▶ [TO DO] Your answer must be the lines from the first one in the material through the line with "Savannah Finestone y", retyped exactly and with no pictures.

▶ [PROVIDED MATERIAL]
▼▼▼

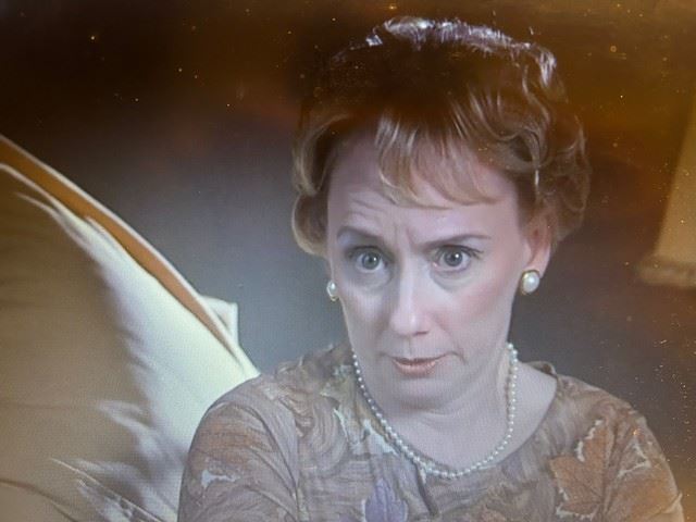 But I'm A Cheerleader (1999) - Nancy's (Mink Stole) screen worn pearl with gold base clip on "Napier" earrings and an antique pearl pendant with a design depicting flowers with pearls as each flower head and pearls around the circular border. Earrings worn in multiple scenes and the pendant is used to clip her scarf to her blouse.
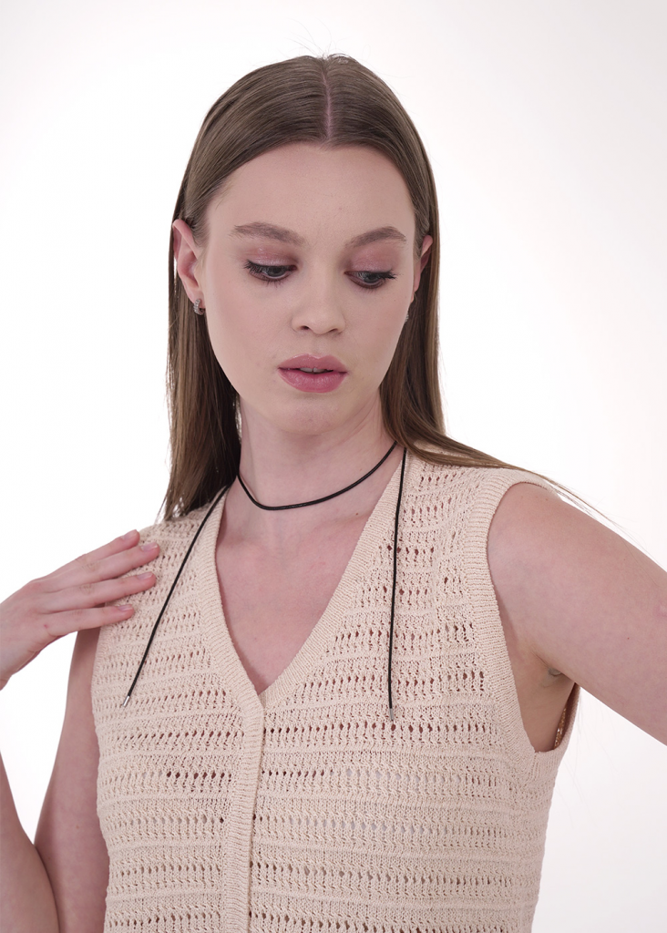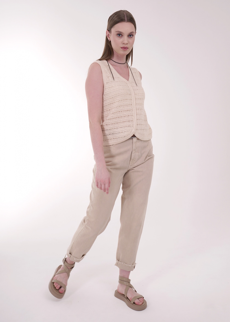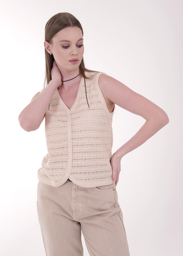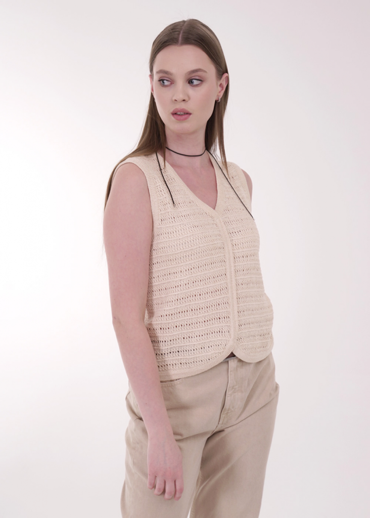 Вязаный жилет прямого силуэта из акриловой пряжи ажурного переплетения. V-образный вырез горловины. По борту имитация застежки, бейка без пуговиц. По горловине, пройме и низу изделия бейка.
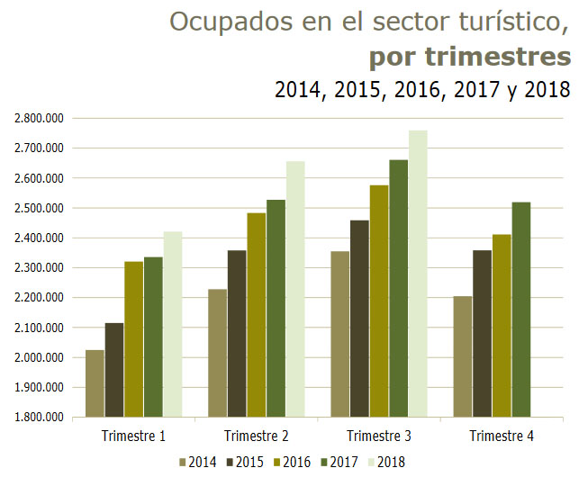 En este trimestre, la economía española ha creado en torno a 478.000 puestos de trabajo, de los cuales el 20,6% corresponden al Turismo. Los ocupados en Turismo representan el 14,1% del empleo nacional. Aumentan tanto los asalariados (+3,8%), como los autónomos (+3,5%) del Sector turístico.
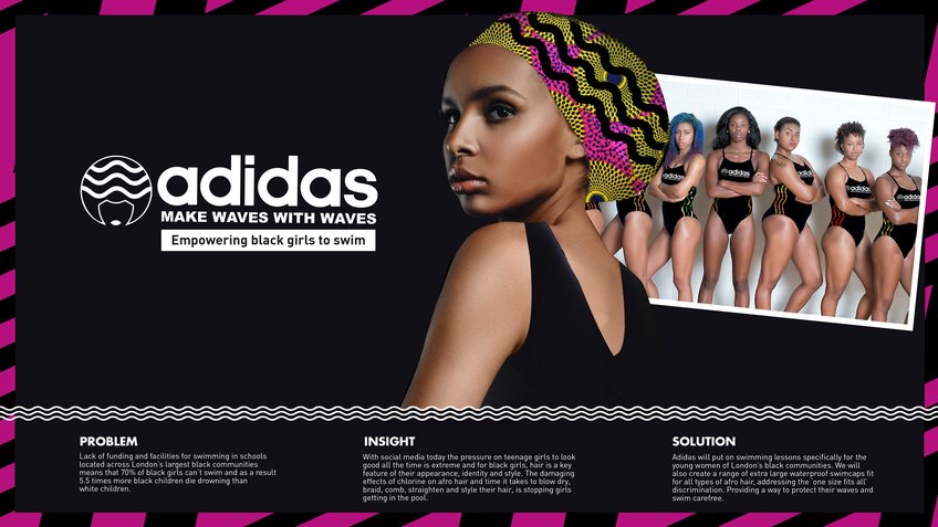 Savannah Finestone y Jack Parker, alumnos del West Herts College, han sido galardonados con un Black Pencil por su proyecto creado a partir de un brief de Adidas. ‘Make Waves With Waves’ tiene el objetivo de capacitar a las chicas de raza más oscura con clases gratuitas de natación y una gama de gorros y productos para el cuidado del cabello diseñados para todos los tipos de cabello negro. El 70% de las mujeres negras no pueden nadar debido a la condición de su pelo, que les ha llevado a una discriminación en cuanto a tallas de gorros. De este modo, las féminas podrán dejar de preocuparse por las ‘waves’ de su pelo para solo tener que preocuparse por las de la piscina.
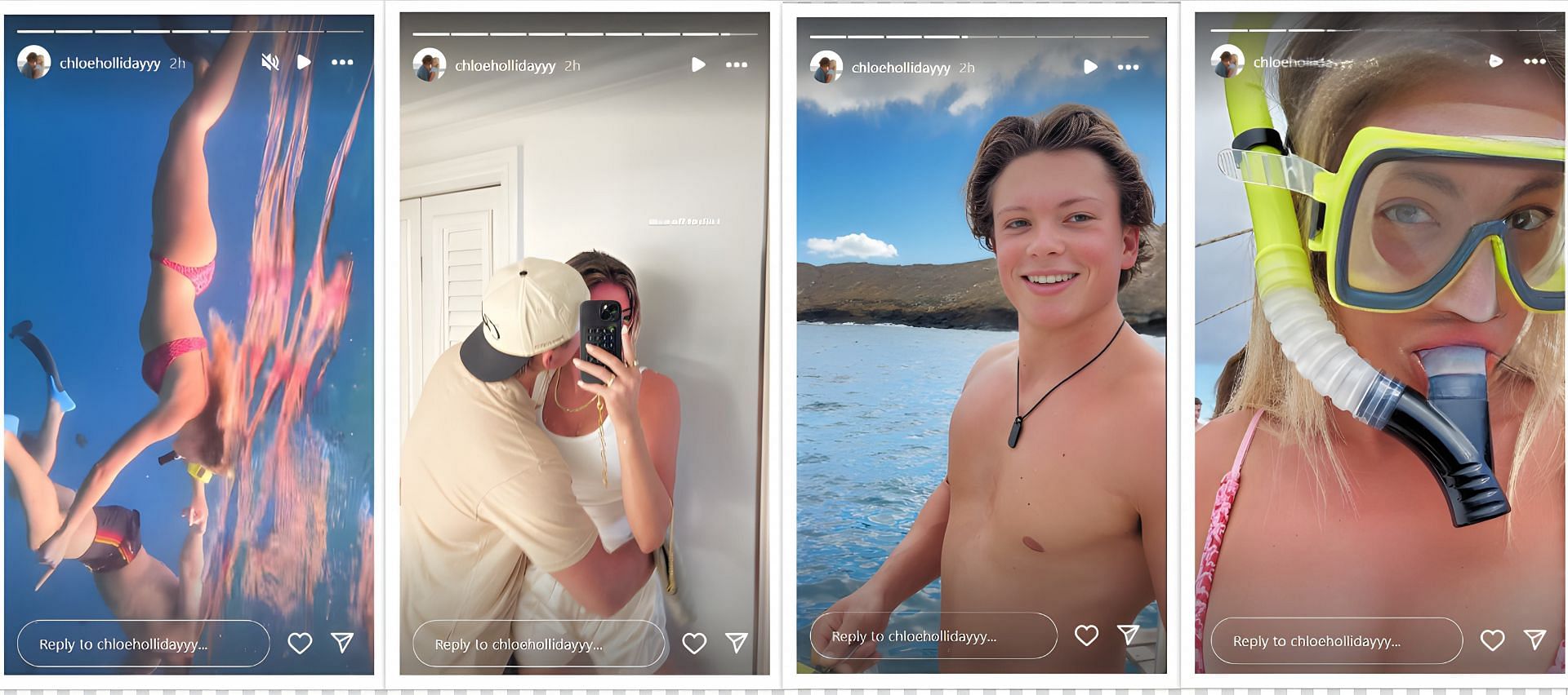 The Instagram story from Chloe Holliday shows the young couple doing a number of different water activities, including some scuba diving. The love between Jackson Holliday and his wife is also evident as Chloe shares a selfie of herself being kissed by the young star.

▲▲▲

▶ [EXPECTED OUTPUT]
 But I'm A Cheerleader (1999) - Nancy's (Mink Stole) screen worn pearl with gold base clip on "Napier" earrings and an antique pearl pendant with a design depicting flowers with pearls as each flower head and pearls around the circular border. Earrings worn in multiple scenes and the pendant is used to clip her scarf to her blouse.
 Вязаный жилет прямого силуэта из акриловой пряжи ажурного переплетения. V-образный вырез горловины. По борту имитация застежки, бейка без пуговиц. По горловине, пройме и низу изделия бейка.
 En este trimestre, la economía española ha creado en torno a 478.000 puestos de trabajo, de los cuales el 20,6% corresponden al Turismo. Los ocupados en Turismo representan el 14,1% del empleo nacional. Aumentan tanto los asalariados (+3,8%), como los autónomos (+3,5%) del Sector turístico.
 Savannah Finestone y Jack Parker, alumnos del West Herts College, han sido galardonados con un Black Pencil por su proyecto creado a partir de un brief de Adidas. ‘Make Waves With Waves’ tiene el objetivo de capacitar a las chicas de raza más oscura con clases gratuitas de natación y una gama de gorros y productos para el cuidado del cabello diseñados para todos los tipos de cabello negro. El 70% de las mujeres negras no pueden nadar debido a la condición de su pelo, que les ha llevado a una discriminación en cuanto a tallas de gorros. De este modo, las féminas podrán dejar de preocuparse por las ‘waves’ de su pelo para solo tener que preocuparse por las de la piscina.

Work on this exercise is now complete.